ASSIGNMENT - Only the lines from the beginning of the material below through the line with "The K1 children noticing" should be retyped exactly, and pictures are to be skipped.

SOURCE DATA -
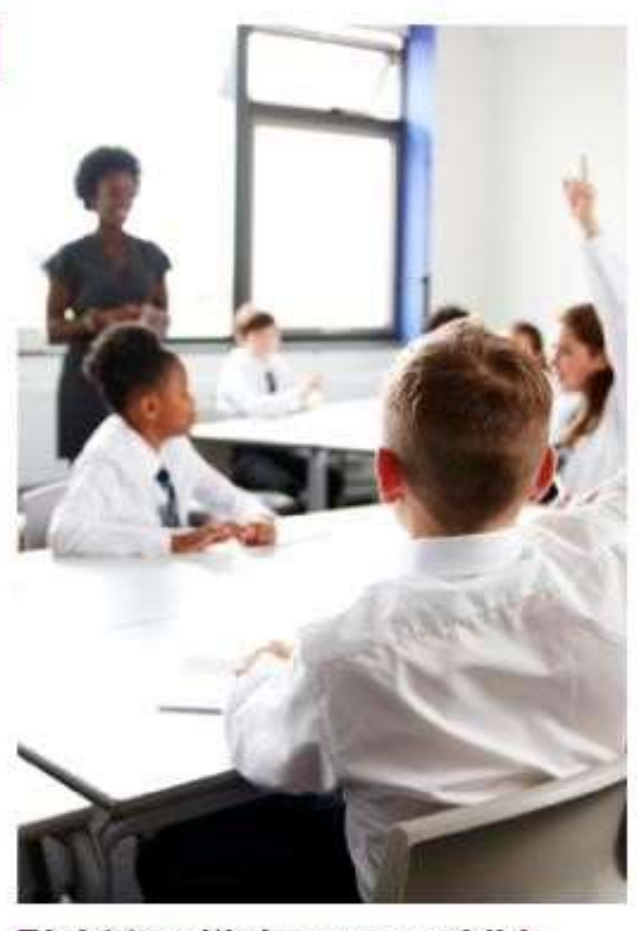
Right to withdraw your child

You can find further detail by searching 'relationships and health education' on GOV.UK.
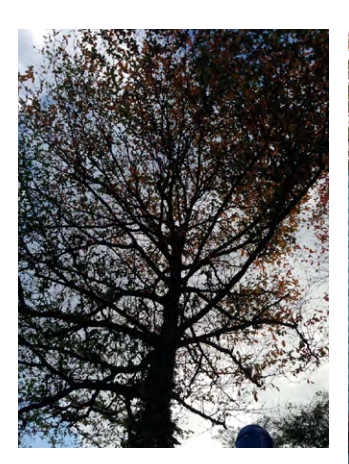
The K1 children noticing the leaves falling from the tree at the playground

The K1 children were playing in the playground when they noticed the leaves falling from the tree after a long dry spell. They noticed the different types of leaves that had fallen (the colour, the texture: some were softer than others) and the movement of the leaves as they fell. From the
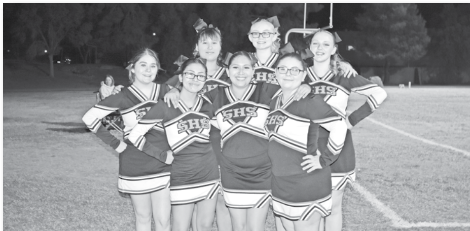
Superior’s cheerleaders – they’ve got spirit!
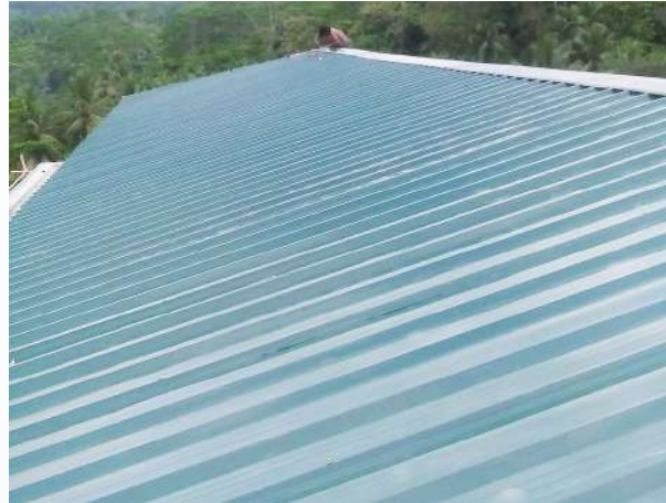
PONDOK PESANTREN PACITAN

EXERCISE RESPONSE -
Right to withdraw your child

You can find further detail by searching 'relationships and health education' on GOV.UK.
The K1 children noticing the leaves falling from the tree at the playground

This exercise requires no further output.